Single-file dependencies¶

The most common pattern — one file, one parameter:

def train(
    data: Annotated[DataFrame, pivot.Dep("features.csv", pivot.loaders.CSV())],
    config: Annotated[dict, pivot.Dep("config.json", pivot.loaders.JSON())],
) -> ...:
    ...

Each Dep creates a DAG edge from the file's producer (or marks it as an external input if no stage produces it). The loader's type parameter R determines what load() returns — see Loaders for the full list.

Multi-file dependencies¶

For multiple files of the same type, use a list (variable-length) or tuple (fixed-length) path:

# Variable-length: any number of shards
def merge(
    shards: Annotated[list[DataFrame], pivot.Dep(["shard_0.csv", "shard_1.csv"], pivot.loaders.CSV())],
) -> ...:
    combined = pd.concat(shards)
    ...

# Fixed-length: exactly two files (tuple preserves length in the type)
def compare(
    pair: Annotated[tuple[DataFrame, DataFrame], pivot.Dep(("baseline.csv", "experiment.csv"), pivot.loaders.CSV())],
) -> ...:
    baseline, experiment = pair
    ...

Each path in the list/tuple creates its own DAG edge. At runtime, Pivot loads every file with the same loader and injects the results as a list or tuple matching the path type.

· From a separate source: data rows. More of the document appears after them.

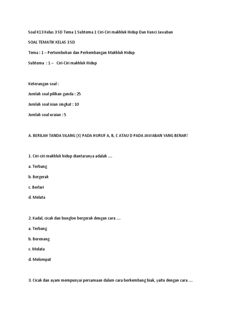 Memahami ciri-ciri makhluk hidup bukan sekadar hafalan, melainkan sebuah proses observasi, identifikasi, dan penalaran. Melalui berbagai jenis soal yang dirancang sesuai K13, siswa diajak untuk aktif berpikir dan mengaplikasikan pengetahuan mereka. Artikel ini akan mengupas tuntas berbagai tipe soal yang sering muncul pada Tema 1 Subtema 1 Kelas 3 SD, dilengkapi dengan contoh-contoh soal yang relevan dan strategi menjawabnya, sehingga diharapkan dapat menjadi panduan berharga bagi guru, orang tua, dan tentu saja, para siswa.
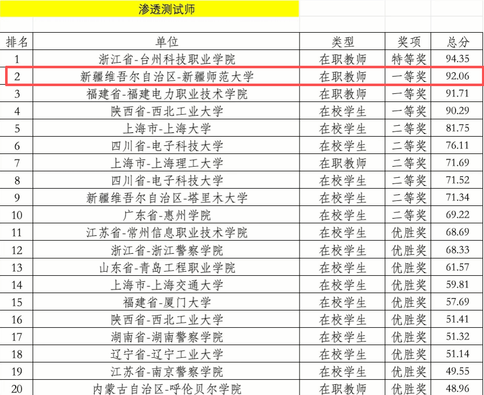 近日,2025年高校网络安全管理运维赛暨全国网络安全行业职业技能大赛(教育赛道)决赛在上海交通大学落下帷幕。我校信息管理中心(网信办)薛辰老师凭借深厚的理论积淀与精准的实战能力,从全国704家教育行政单位及高校的2246名师生中脱颖而出,斩获渗透测试员赛项一等奖(总成绩排名第二),并成功晋级,获得参加2025年全国网络安全行业职业技能大赛全国总决赛的资格。这也是新疆高校师生在该赛事中获得的最高成绩。
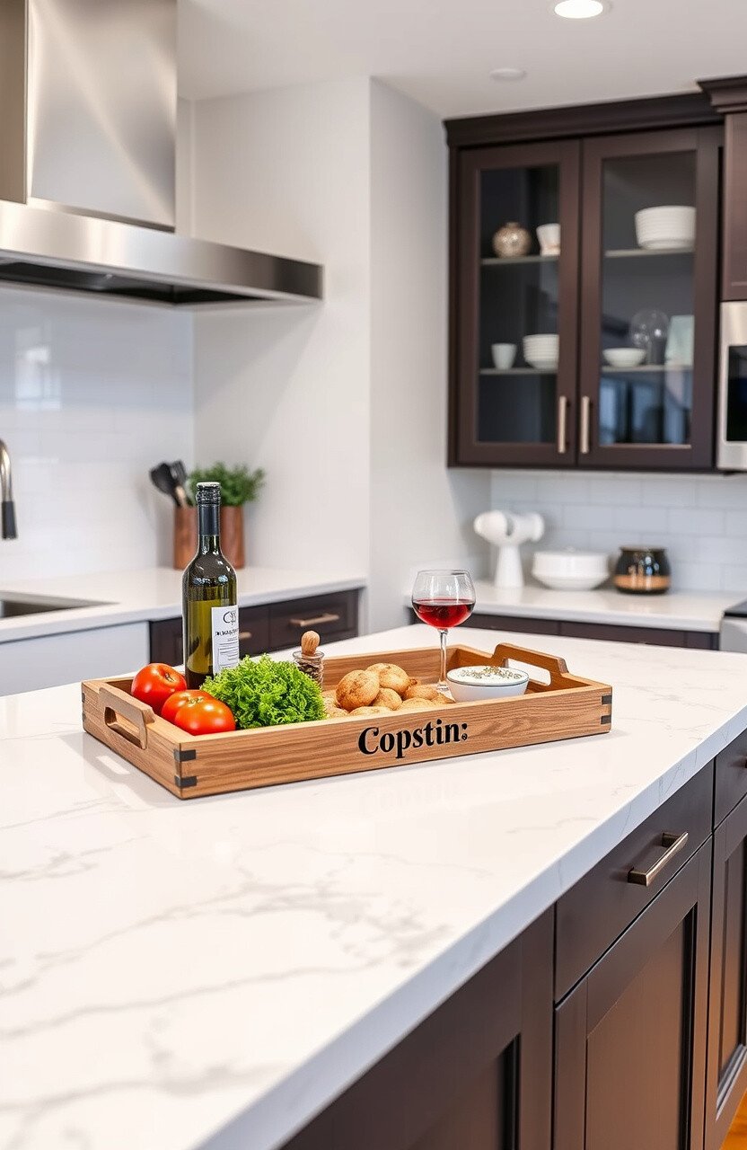 Add sophistication with a decorative tray display. It’s both functional and stylish.
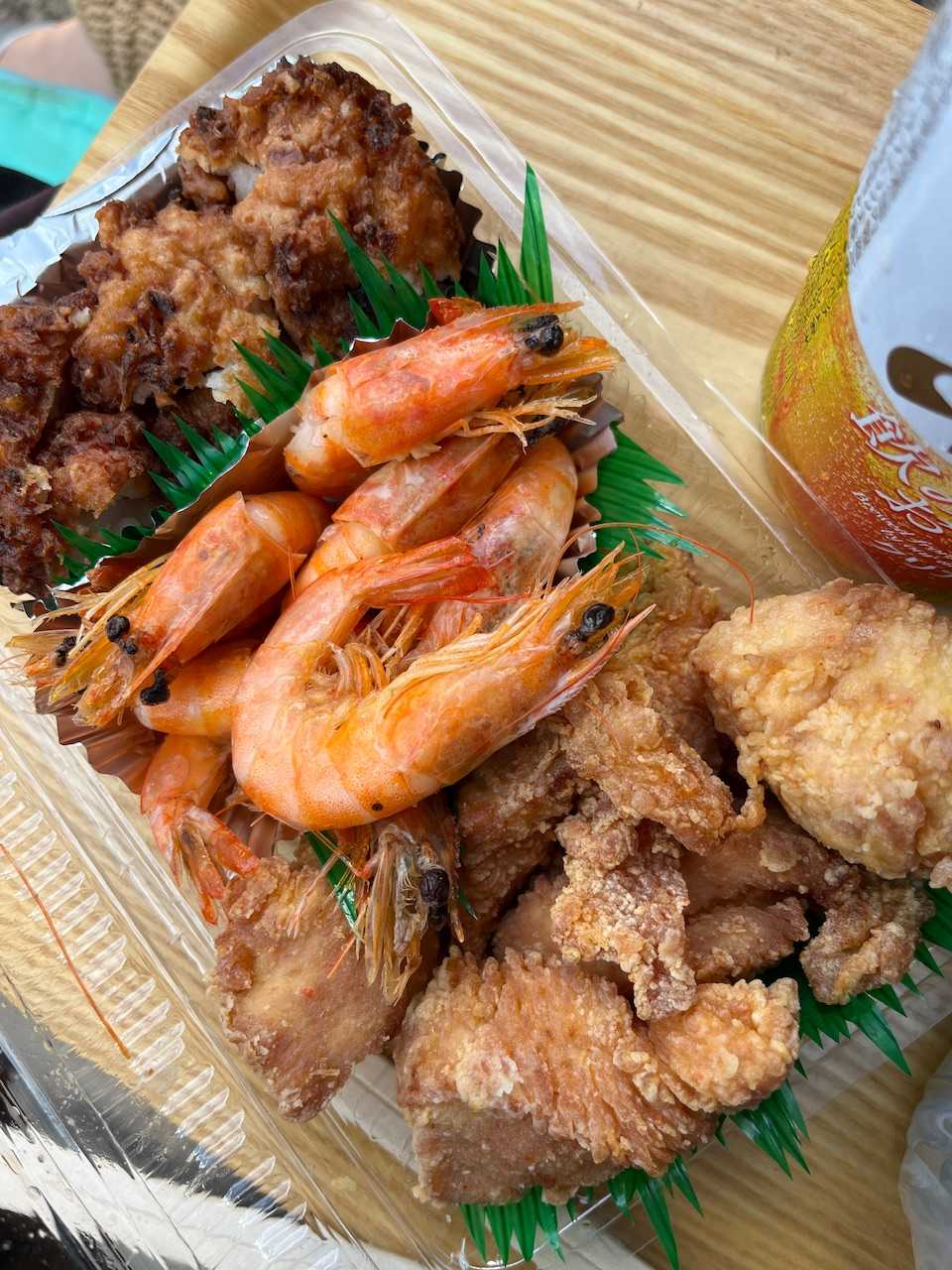 8月2日(土)、青森ねぶた祭りに行って来ました😊。今年は日にちがイマイチ😅。こればかりはしょうがないけど🥲。平日は到底見に行けないから、初日に行ってきました。初日は子どもねぶただし、台数も少ないからちょっと残念だけど😢。まぁ、この日しか行けないからね〜。今年のおつまみ💕。屋台で買うのもいいけど、今年はスーパーのお惣菜で用意してみました😊。🌸イガメンチ🌸エビ唐揚げ🌸賞とったスーパーの唐揚げ💕。🌸きゅうり棒。即席で作りました😊。白だしと寿司酢で簡単に👍。さっぱりしていいよね。きゅうり棒っていいんだけど、なんだかお金払って買う気がしない😱。畑のきゅうり、たくさんあるから。💕ビールです屋台の生ビール🍺買いに行くの面倒だと想像。持参しました👍。正解💕。一緒に行った妹のお手製🌸お稲荷さんと梅巻き。🌸スパイシー手羽元唐揚げ🍗。手作り。ビール、進みます😭。今年の陣地は、新町入り口にしました。一つ目スタート地点近くです。早く祭り雰囲気味わいたいからね💕。早速、かんぱーい😊。親戚が大太鼓で参加✌️。必死に探しました💦。花笠かぶったハネトってなんかいい😊。華やか。ご飯達。(おそらく‥)県の偉い人達。日立の囃子方、カッコいいんだよね〜。迫力あるよねー😱。自分だったら、笛、大太鼓、カネ、どれに参加してみたいかなぁ。カネは無理だろうな(笑)。リズム感、皆無だし。ほんとは毎日でも見に行きたい。やっぱりその場に行くと、じゃわめぐ!。でもハネトで参加したいとは思わないんだよね。体力自信なし。暑さも😱💦。私、跳ねたことないんだよね〜。ってみんなに言うと驚かれます💦。職場の方々みんな高校生の頃は毎日参加してたんだって😅。うちの高校生の坊は‥。受験生なのでお祭り気分じゃないようです💦。
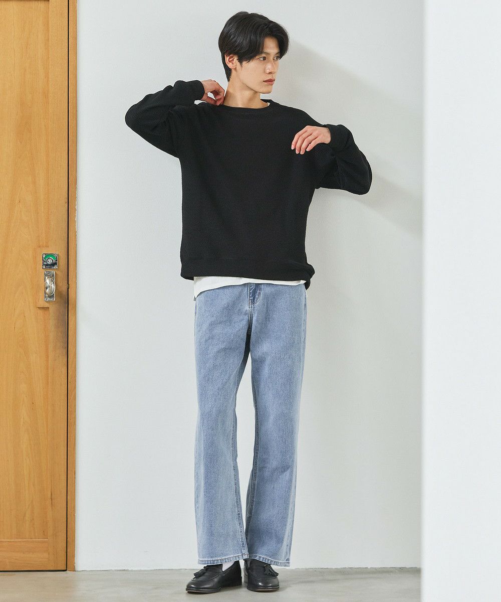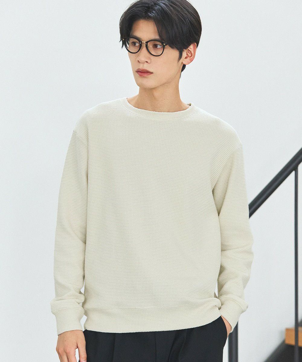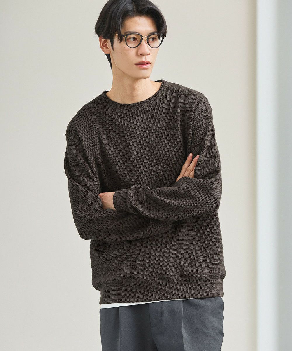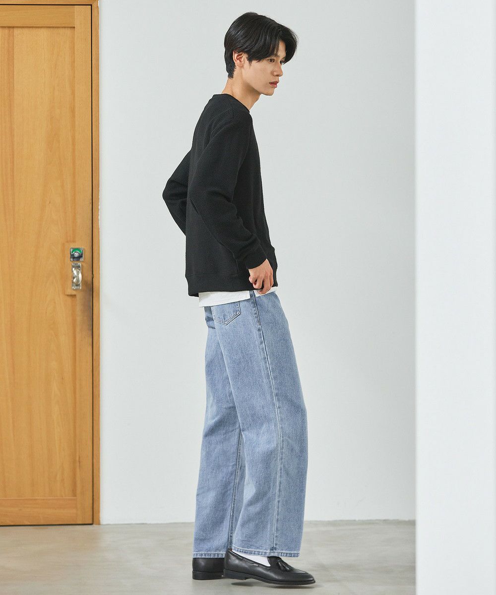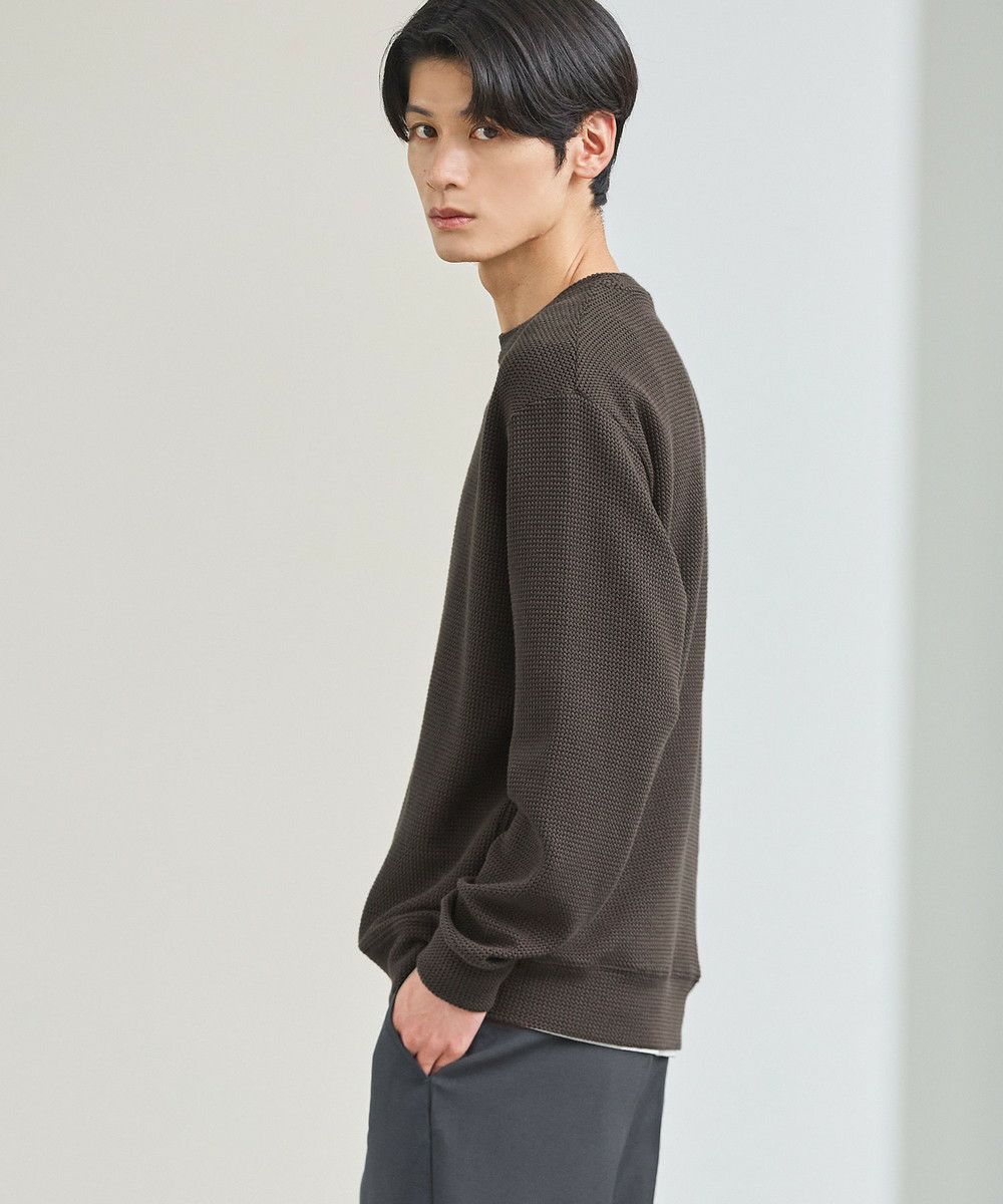メランジ(杢調)とシャギー感を併せ持った表情のあるクルーネックニットとの着用例。これくらいの表情感ならオフィスカジュアルとしても成立するのではないでしょうか。ウォーム感もあって、温かみのある着こなし。
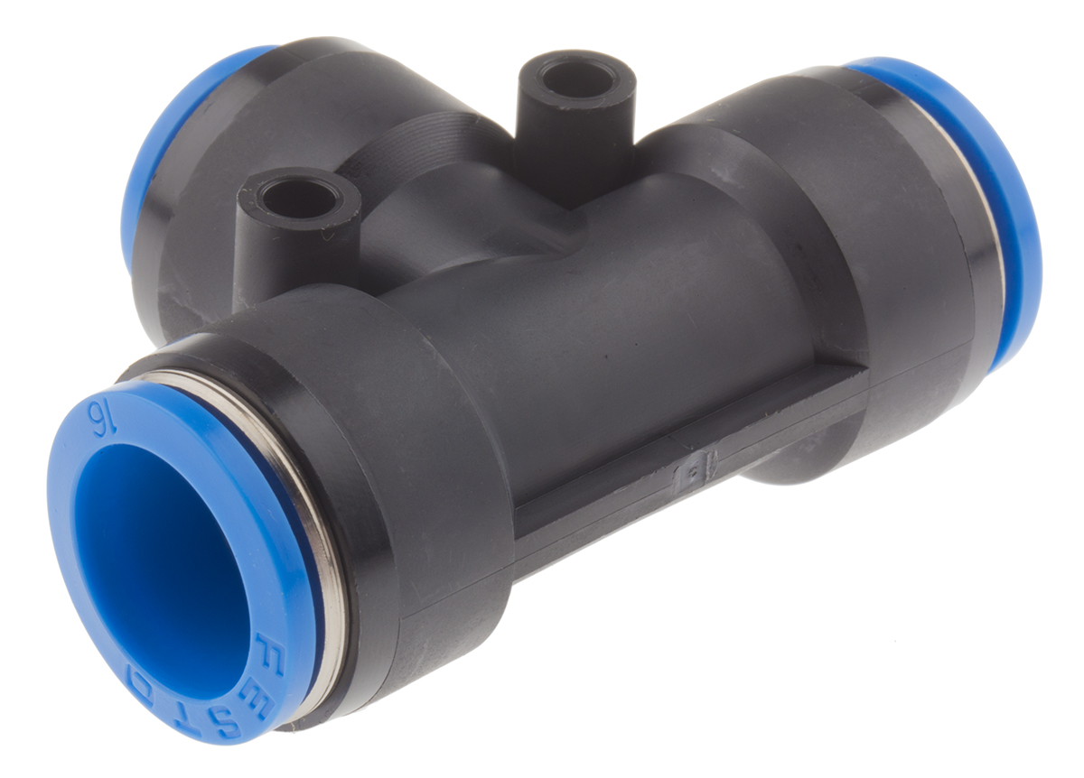 This is QST Pneumatic Tee Tube-to-Tube Adapter Push In 12 mm manufactured by Festo. The manufacturer part number is QST-16-12. A quality product with a nice nickel plated finish. The product is available in inline configuration. The product's body is nicely designed from pbt materials. Whereas, the minimum operating temperature of the product is -10°c. It has a maximum operating temperature of +80°c.
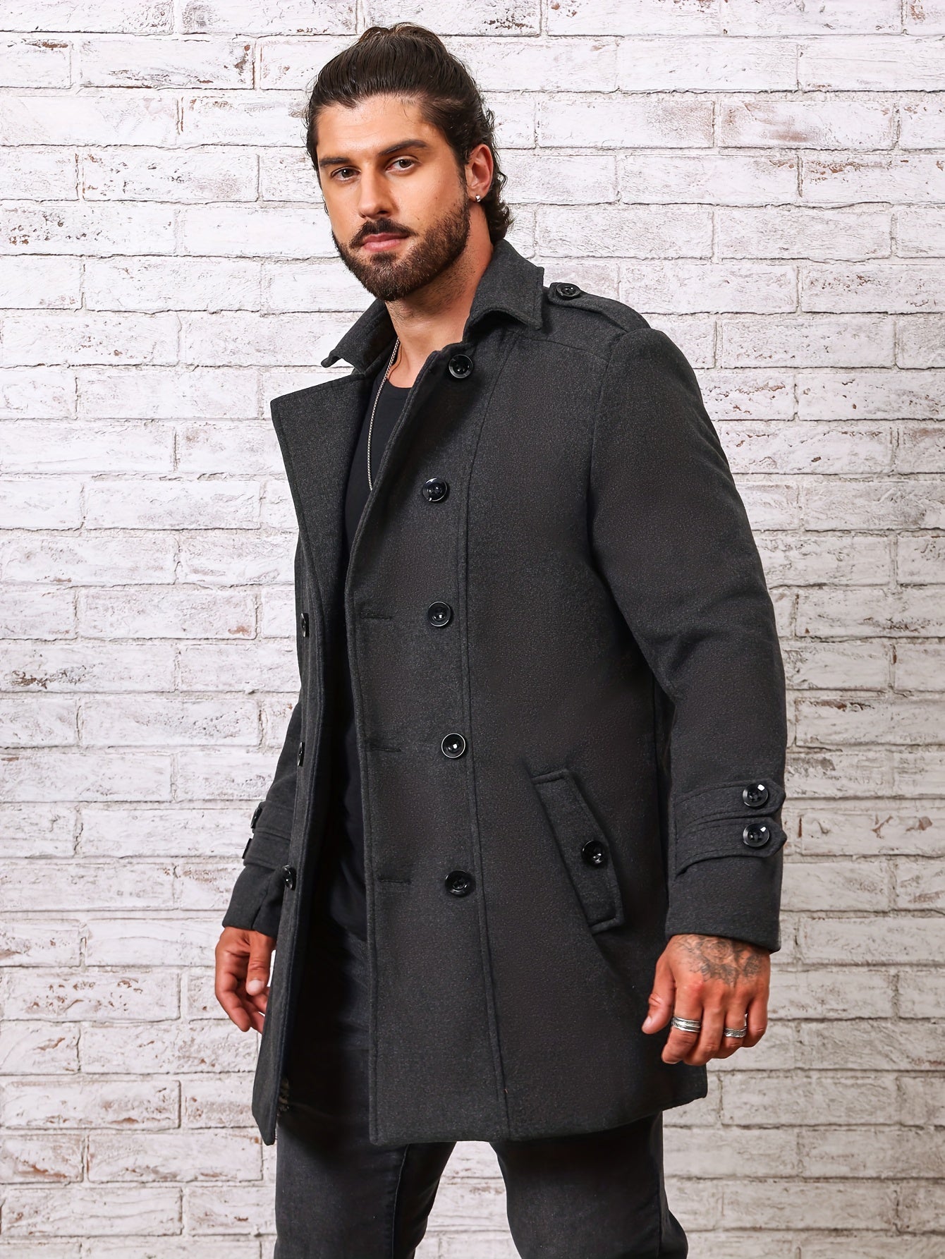 Erkaklar uchun plussiz, ichki qoplamali, ikki qatorli palto, kuz/qish mavsumi uchun shamolga chidamli, issiqlik va uslub uchun.
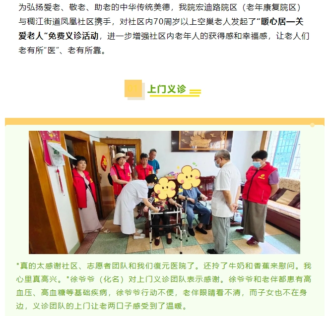 让“空巢老人”心中不空 我院宏迪路院区义诊送上门
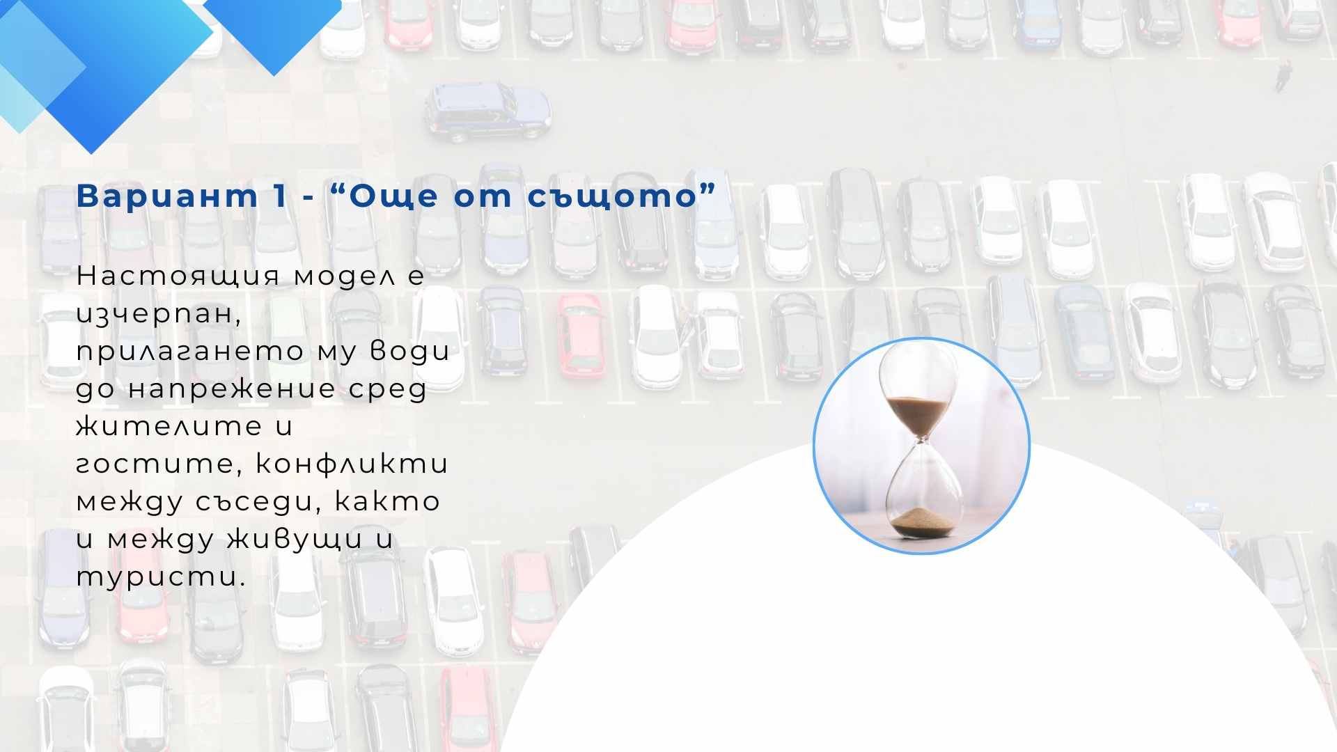 Ако предложението на администрацията не бъде приет от обществеността, ще продължи старият модел - с един безплатен буферен паркинг в града, няколко платени паркинга, стопанисвани от фирма, конуси и опит за по-голям контрол във всички населени места.
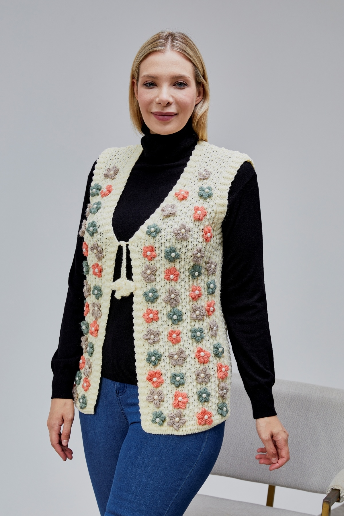 Orta Yaş Kadın Özel Tasarım İncili Renkli Papatya Çiçekli Anne Yelek Orta Yaş Kadın Özel Tasarım İncili Renkli Papatya Çiçekli Anne Yelek JİNX203 تک سایز
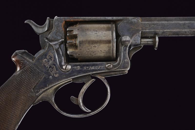 1855 circa Canna rigata, ottagonale, con mirino, incisa alla volata, cal. 11 mm. Tamburo liscio a cinque colpi con bordi delineati e punzoni del banco di prova. Castello marcato 'TRANTER'S PATENT', 'HH' e 'No. 10512T', delineato ai bordi. Calcatoio marcato en suite e sicura. Calcio in legno zigrinato. Brunito. Meccanica ferma, necessita revisione. Nella sua cassetta di legno foderata all'interno in velluto blu, completa di tutti gli attrezzi, con fiaschetta foderata in cuoio, nel piccolo scomparto interno un dosatore, un porta capsule ed altro. La chiave mancante.
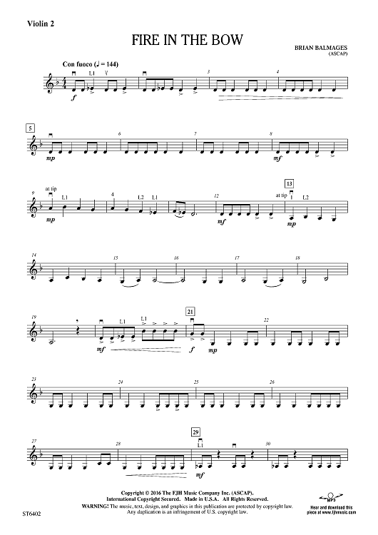 "Fire in the Bow - Violin 2" Sheet Music by Brian Balmages
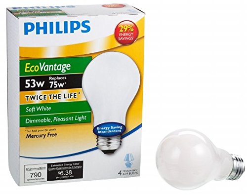 Philips Lighting 433524 A19 53 Watt Soft White EcoVantage Dimmable Bulb 4 Count

`PlaceholderDep` — path at registration time¶

When a stage is generic and the dependency path isn't known until the pipeline is assembled, use PlaceholderDep:

import pivot

def compare(
    baseline: Annotated[DataFrame, pivot.PlaceholderDep(pivot.loaders.CSV())],
    experiment: Annotated[DataFrame, pivot.PlaceholderDep(pivot.loaders.CSV())],
) -> ...:
    ...

pipeline = pivot.Pipeline("analysis")
pipeline.register(
    compare,
    dep_path_overrides={
        "baseline": "model_a/results.csv",
        "experiment": "model_b/results.csv",
    },
)

PlaceholderDep has no default path — registration fails if dep_path_overrides doesn't include every placeholder. This is intentional: it prevents accidentally running a stage with an undefined input.

Pivot provides helpful error messages when overrides are missing, including typo suggestions based on edit distance.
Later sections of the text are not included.